Sports and Politics no Stragers to Each Other

By Mark Tudino  

Unless you’ve been living under a rock – or visiting outer space – for the last year or so, every sports fan is painfully aware of the on-going controversy involving the NFL, its players, and certain members of our political class. It began with a simple premise (or so most thought), as certain players on some teams began kneeling during the playing of our national anthem. It wasn’t supposed to be that controversial, though in retrospect it’s hard to see how it could not be so. Now, every person from every political quarter has weighed in with their perspective, doing what a friend of mine’s social studies teacher once described as ”pooling our collective ignorance.” But if you think it’s horrible that sports and politics have found themselves at this confusing intersection once again, fear not loyal reader; your loyal scribe is here to tell you this is not the first – nor probably the last – time it will happen.
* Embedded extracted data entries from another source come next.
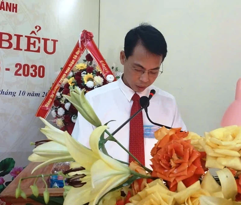 Phó Bí thư Đảng ủy, Chủ tịch UBND xã Tân Thành Lê Hoàng Cường phát biểu chỉ đạo Đại hội.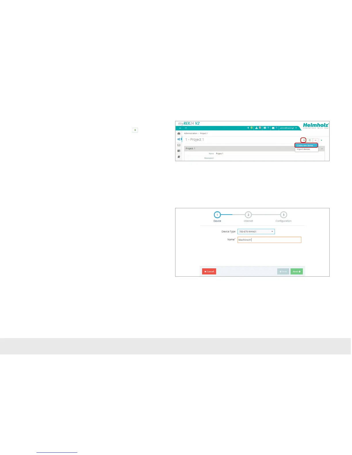 available in the main view by way of the green button “Create new device”.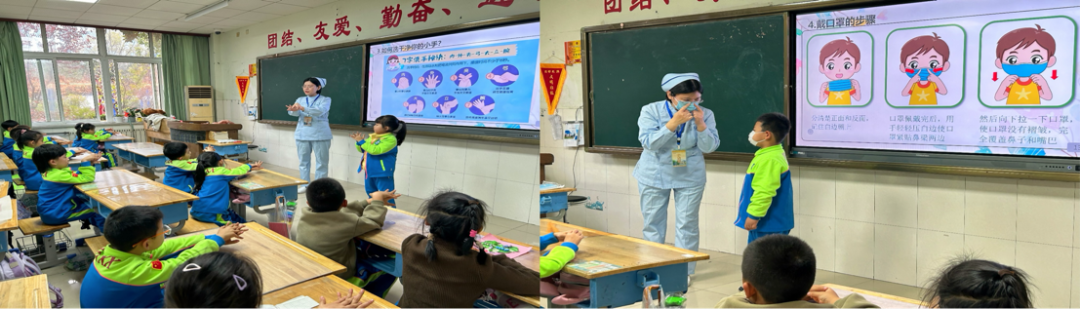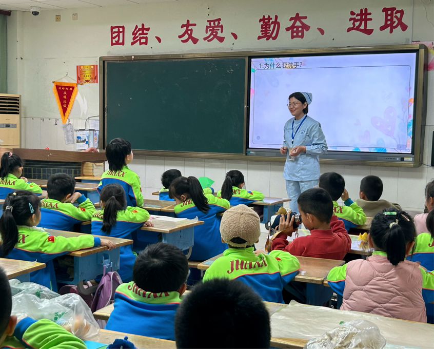 在活跃温馨的课程中,徐护士长通过生动的讲解和与学生的提问互动环节,指导学生掌握规范的洗手方法和口罩佩戴方式,促进学生养成注意个人卫生和环境卫生的良好习惯,争取做到预防为主,健康过冬。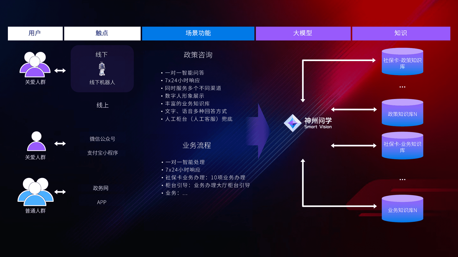 • 线上线下全覆盖:线上提供微信公众号、、、、支付宝小程序、、政务网、、app多种渠道,,,,与线下机器人形成完整服务体系。。。。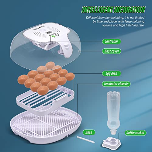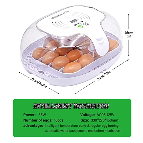 KHEARPSL 16 Egg Incubator Egg Hatching Incubator with Egg Candler, Temperature Control, Automatic Egg Turning and Water Adding, Auto Incubator for Hatching Chicken Duck Quail Birds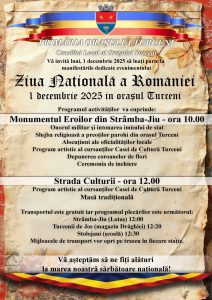 Ziua Națională a României va fi marcată și la Turceni printr-o serie de manifestări organizate de primărie și Consiliul Local. Programul va începe la ora 10.00, la Monumentul Eroilor din Strâmba-Jiu, unde sunt programate: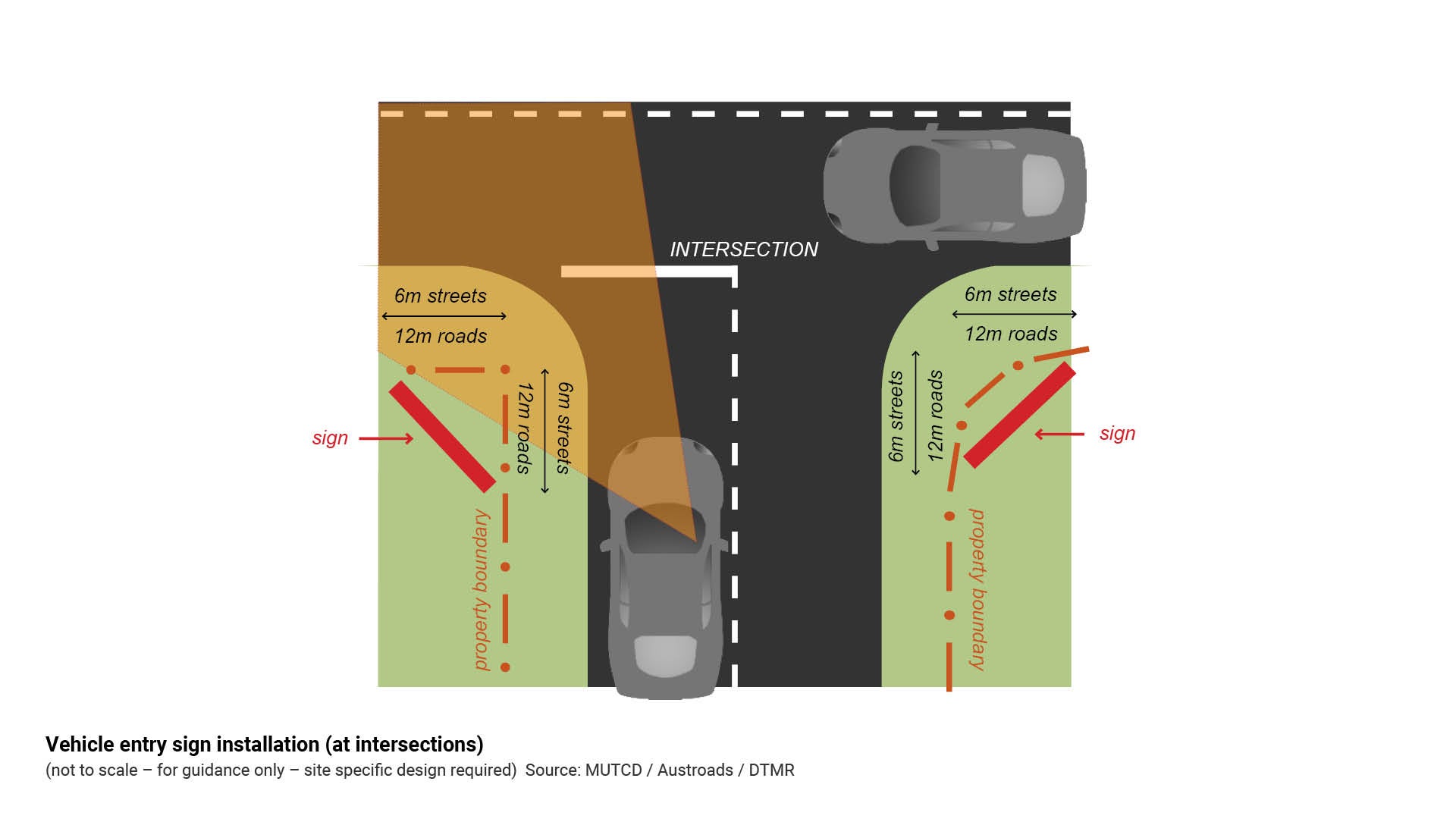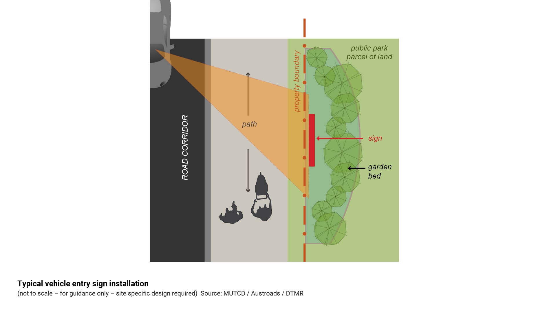 Note: The vehicle entry signs are NOT designed to be installed within a road reserve. The sign is designed to be installed inside the property boundary. Where the sign is installed within a road reserve, the sign must comply with the MUTCD and DTMR Guide to Roadside Signs.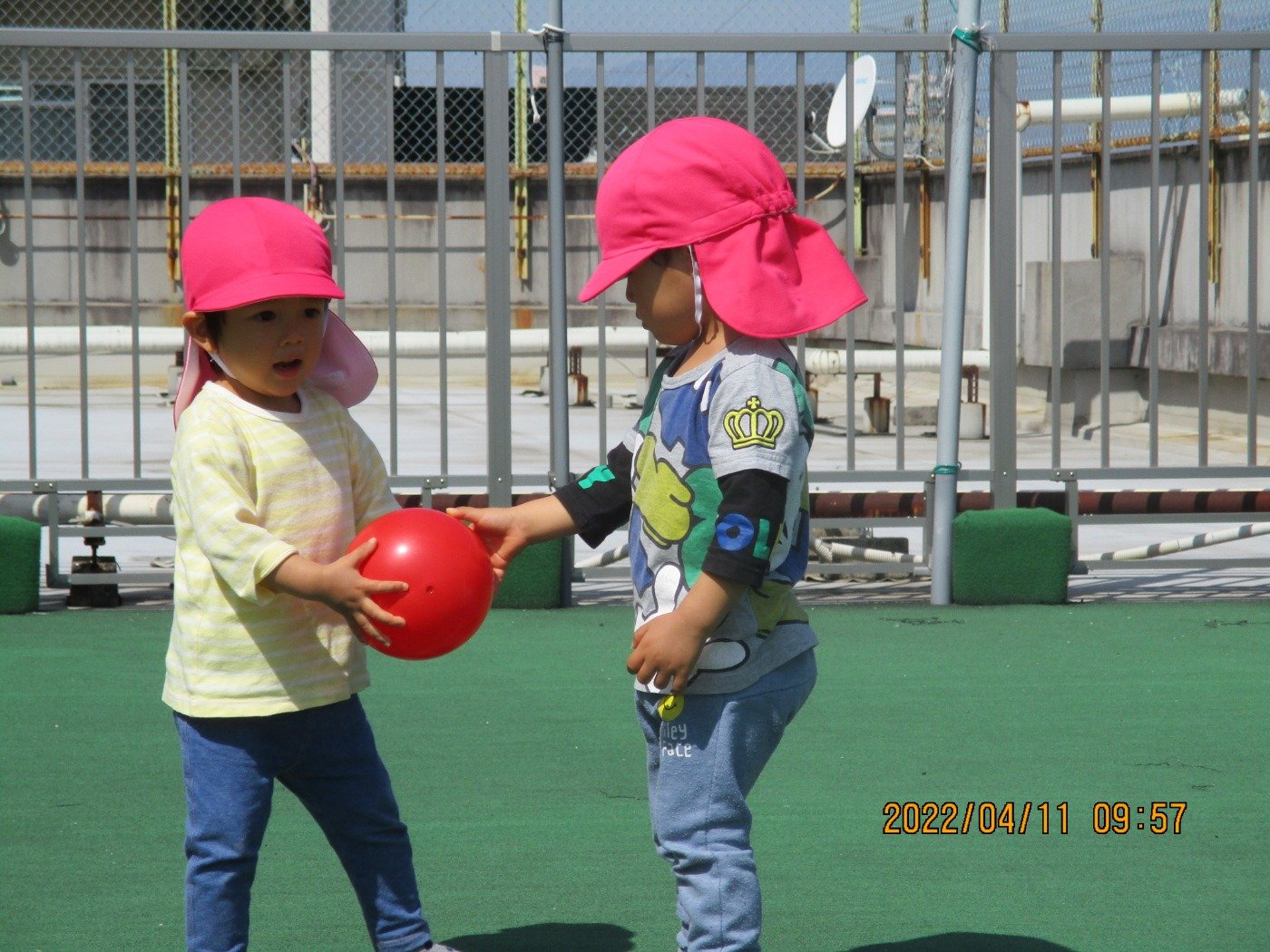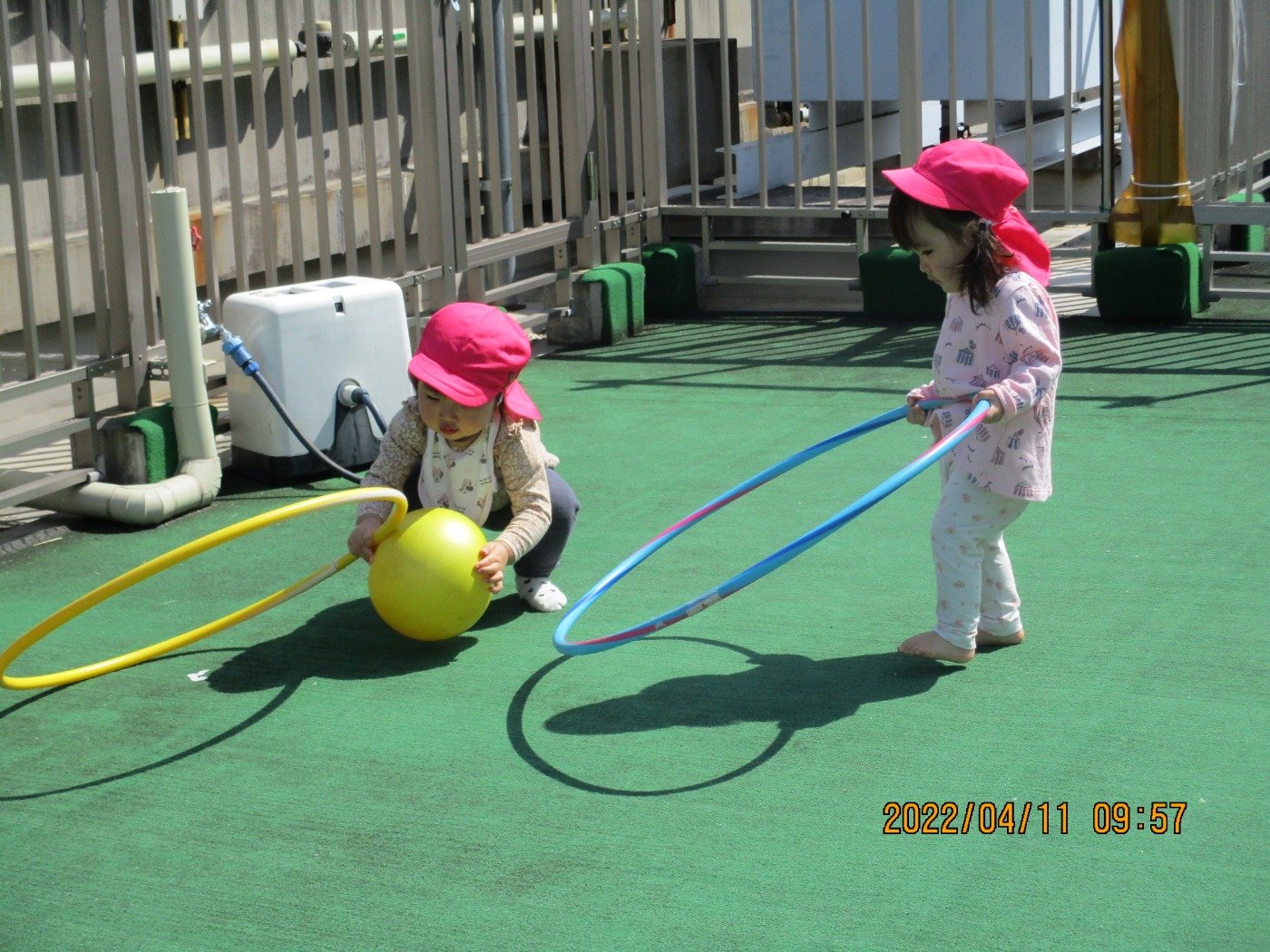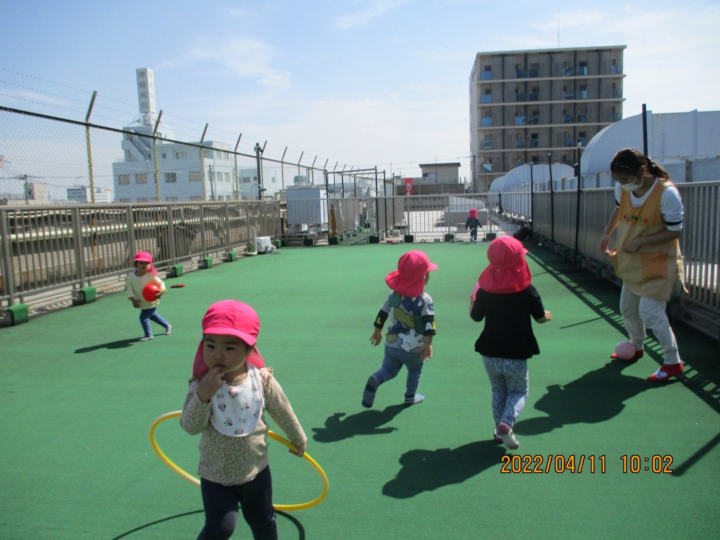 くまぐみさん ホームブログ 2022.04.11 今日は屋上でお友だちと一緒にフープやボールで 走って走って たくさん、体を動かして遊びました♫ 子ども達の体力は想像以上! 先生も子ども達も暑かったぁーーー と・・・・ とってもいい笑顔で帰ってきました😊

One only need to look back to last year, to the death of one of sport’s most beloved athletes, to see how times and attitudes can change. In 1967, there was no more controversial, no more loved or hated athlete than Muhammad Ali. In 1964, right after winning the heavyweight championship from Sonny Liston, Ali announced to the world he’d converted to the Nation of Islam and that he was now and forever to be known by his new, Muslim name. Three years later, when he refused induction into the Army, the powers that be stripped him of his title, suspended him from fighting, and essentially turned him into a sports pariah. Fast forward to 1996. Guess who was chosen to light the Olympic flame in Atlanta – symbolic of the Olympic ideal of fairness, courage and civility? That’s right, same man. Which goes to show you how attitudes can change. Ali hadn’t changed (though in later interviews he admitted some regret over his choice of rhetoric), but the nation around him had changed.

One year after Ali’s refusal of induction, U.S. sprinters Tommy Smith and John Carlos protested by holding up black fists during the national anthem, while standing barefoot on the winner’s podium. In 1972, the U.S. men’s basketball team lost the Olympic gold medal game to the Soviets, largely because international basketball officials decided to reinvent the rules of the game on the spot.

In Los Angeles, during the 1976 baseball season, Dodgers outfielder Rick Monday forever endeared himself to a generation of fans by preventing protesters from burning an American flag after they had made their way onto the field.

Which is to say there are countless other episodes, both foreign and domestic, when the political realities of our world have migrated to the sports arena. What’s happening to the NFL is not unique and, eventually, this too shall pass. After it does, whatever your position, I hope we emulate the NHL after it concludes a playoff series, and we remember to shake hands with our opponents.